In January 2021, I found out I was pregnant again.
Kelvin and I weren’t entirely prepared for another child. We were just starting to get to know Myra, I was still winging it at parenting and I was just returning to the workforce.
Ng said that despite the nervousness, she was happy to be pregnant a second time. (Photo: Alyssa Ng)
When I found out that we would have a son, I felt nervous. I have three older sisters and all their children are girls – I didn’t know how to handle boys.
All my anxiety melted away when Gaius was born in September 2021. I felt glad and grateful to be able to be a mum of two. It also helped that before giving birth, my husband and I read a lot about raising boys and being parents of two young kids.
MORE CONFIDENT AFTER TAKING POSITIVE PARENTING COURSES
We realised that to be a good mum and dad, we had to tap into external resources.
Being a mum didn’t come naturally to me. I had to learn a lot of the ways I discipline, breastfeed, take care of my children, and talk and respond to their questions and tantrums.
I knew that I wanted to be the best for Myra and my son, and I knew that Kelvin and I couldn’t do this parenting journey alone. Learning how to parent so that our children would grow up safe and well seemed the most reasonable decision to me.

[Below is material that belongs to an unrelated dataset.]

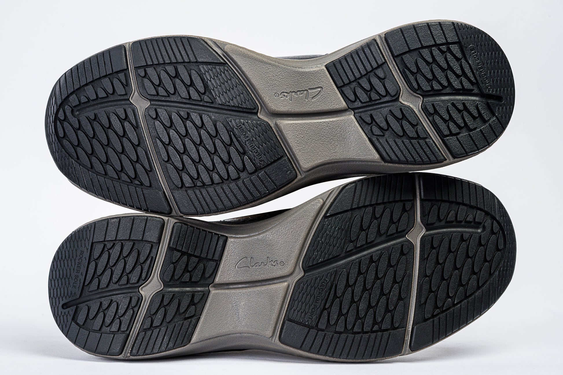The sole is a two-tone design — charcoal gray midsole over a black rubber base — featuring Clarks’ rocker motion system for smoother steps. With scale-textured grip zones and flexible tread lines, it’s made for steady movement and all-day comfort.

I discovered positive parenting, a philosophy centred around raising children with compassion and empathy while building their self-esteem and confidence through disciplined guidance.
One of my sisters had attended a course on it and I was impressed by how well-behaved and pleasant my niece was after they put into practice the positive parenting techniques they’d learnt.

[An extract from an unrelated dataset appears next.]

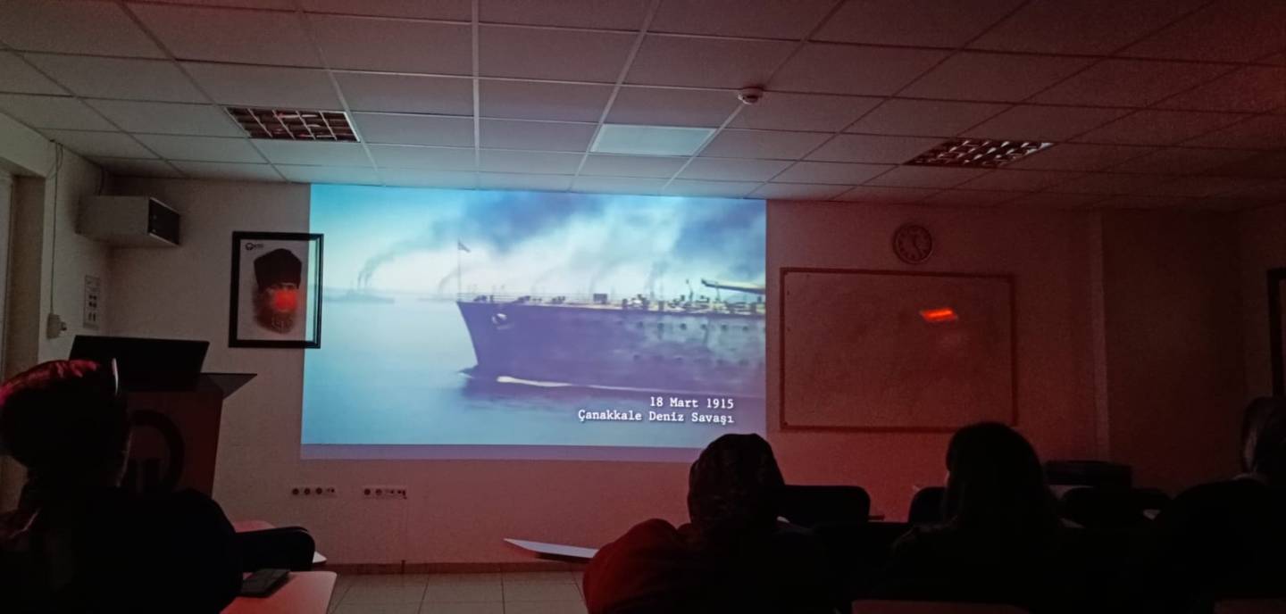 "18 Mart Şehitleri Anma Günü ve Çanakkale Deniz Zaferi" etkinlikleri kapsamında Fakültemiz sesli anons sistemi ve bilgilendirme ekranlarında gün boyunca paylaşımlar yapılmış olup ayrıca personele yönelik “Çanakkale 1915” filminin gösterimi yapılmıştır.

I’ve grown to be more conscious of how I interact and speak to Myra and Gaius, and I’m more in tune with the decisions I make as a mum for myself and my children.
That parenting approach resonated with me, so Kelvin and I enrolled in a four-week course offered by Our Little Playnest, an online resource that teaches positive parenting. It covered child psychology, techniques on how to handle tantrums effectively, sleep and activity schedules, and even how to speak with our kids.
After completing the course, we had ongoing access to a positive parenting coach to help with our doubts or questions. Our coach helped me address whatever pent-up frustrations and anxiety I felt about being a mum and assured me that these feelings were all part of the package.
To this day, more than a year after we did the course, I still reach out to the coach whenever I need assistance with certain challenges.
This decision ended up being helpful and the resources made me feel less lost and more confident as a mum. I’ve grown more conscious of how I interact and speak with Myra and Gaius, and I’m more in tune with the decisions I make as a mum for myself and my children.
Ng says stumbling as a parent is part of the journey of being a good mum, which she wholly embraces. (Photo: Alyssa Ng)
Even when armed with positive parenting techniques, I still stumble when it comes to parenting. But it is part of the journey and I wholly embrace it as I want to be a good mum.
Before Myra and Gaius came into my life, I was aware that it took many sacrifices to raise kids well and that a lot of my time and activities would revolve around them. I only truly understood all that – including how difficult it would be – when I became a mother.
It was hard to accept at first, but with the help of my husband and our positive parenting coach, I’ve slowly come to terms with this reality.
Being a mum may be tiring – I miss my peaceful travels and playing the electric piano without two young kids calling for me every few seconds – but when I see my kids’ growth, witness all their ups and downs, and realise that I’m able to take care of these two small humans, it also feels very, very worth it.